消したくても消せない映像がリピートされる。


「ふざけんなよ……!」


握った拳に、爪が食い込む。

痛みすら忘れていた。


「俺がどんな気持ちで野球やってるか、分かるかよ……!

気楽でいいよな……ニートは!」


分かってる。

こんなこと言っちゃいけないって。

でも、もう止まらなかった。


「もう、いっそのこと――」


一瞬だけ、躊躇いが喉に引っかかる。

それでも、押し込んだ。


「死んでくれよ!」


吐き出した言葉は、思っていたよりもずっと重くて、

そのまま自分の中に突き刺さった。

――その瞬間だった。


「スッ」


音もなく、扉が開いた。

気づいた時には、肩を掴まれていた。

兄だった。

無精髭。伸びた髪。

そして――明らかに、前よりも大きくなった体。

目が、違った。

人の目じゃない。

獣みたいな目だった。

肩が軋む。

骨が、嫌な音を立てる。


――殺される。


本気で、そう思った。

その瞬間ーー

兄は、ふっと手を離した。


「肩で良かったな」


静かな声だった。


「首だったら、今頃お前、死んでたな」


怒りも、威圧もなかった。

ただ、“事実”を置かれただけみたいだった。

目が合う。

そこにあったのは、怒りでも憎しみでもなくて――

壊れかけた、何かだった。


「毎日さ」


低い声が、ゆっくりと耳に落ちてくる。


「負け犬だのニートだのって、好き勝手言ってくれるけど…。」


口元を歪ませ、一拍飲み込んだ。


「さっきの最後の言葉だけは、許せないんだよ」


その瞬間、鋭かった目が、ふっと揺れた。


「俺に死んで欲しい?」


問いは、静かだった。

怒りじゃない。
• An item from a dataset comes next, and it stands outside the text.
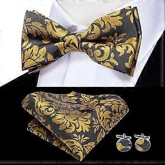 الجاكار الحرير الأسود الذهب المشارب رجل ربطة عنق الكبار القوس التعادل هانكرمنديل أزرار الأكمام مجموعة الرجال مربوطة مسبقا فراشة Bowknot هدية
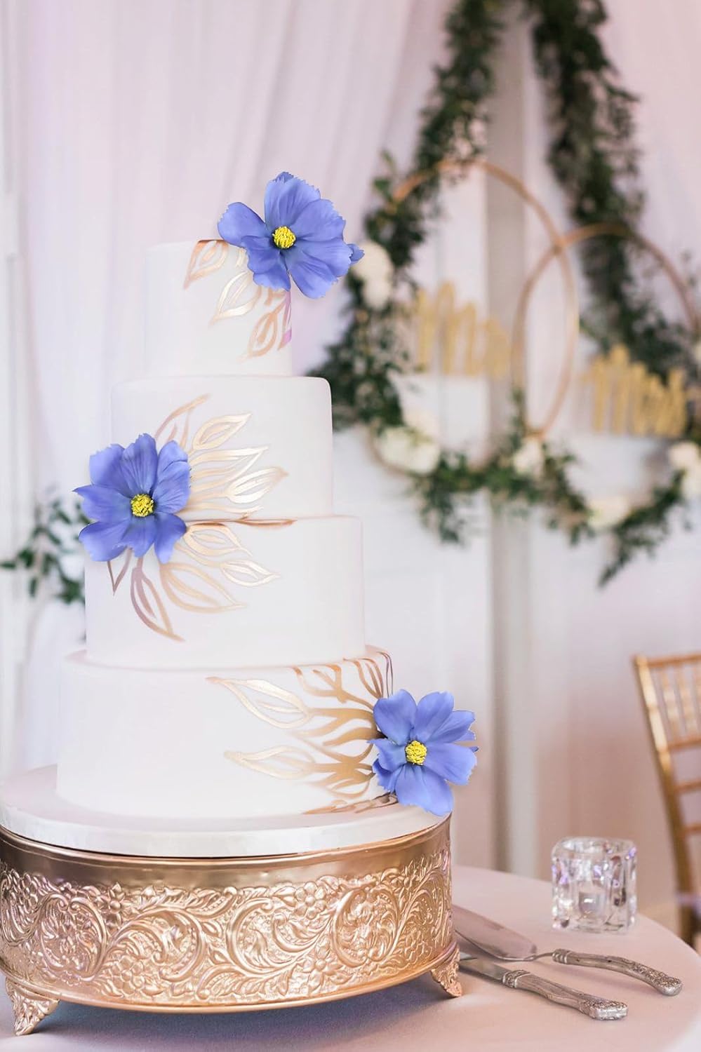 - Quantity and Size: Packed 5PCS blue cosmos artificial flowers. Total approx. 24.5inches/62cm height, bigger daisy flower 3.15”/8cm, smaller 2.36'' /6cm, cosmos bud 1.18”/3cm. Each daisy flowers artificial wildflowers set with 4 large flower heads, 1 small and 1 bud, total with 30 flowers heads. The long stem artificial flowers is ideal for your tall flowers for floor vase floral arrangements

まるで、痛みだった。


「どうせ四年後……」


言いかけて、飲み込むように、言葉を閉じた。


「お前がどんなに辛いとか知らないよ」


妙に落ち着いた声で


「お前も、俺がどんなに辛いか知らないだろ」


視線を外してため息と一緒に言葉を落とした。


「がっかりさせるな」


そして、小さく。


「もう、決まってるんだよ」


その奥で、一瞬だけ何かが揺れた。


見間違いかもしれない。

でも――目を離せなかった。


「うるせぇよ!」


それを振り払うみたいに、僕は叫んでいた。

そして、逃げるように自分の部屋へ飛び込んだ。


閉めたドアの"バンッ――"という音だけが、廊下に大きく響いた。


今まで積み上げてきた感情が、一気に崩れ落ちた。


何も言い返せなかった。

言い返せなかったことが――

一番、悔しかった。

そして。

分かってしまった。

兄はもう――

“あの時の兄ちゃん”じゃない。


もう、元には戻れない。


そう思った瞬間、

どこかで何かが、完全に切れた気がした。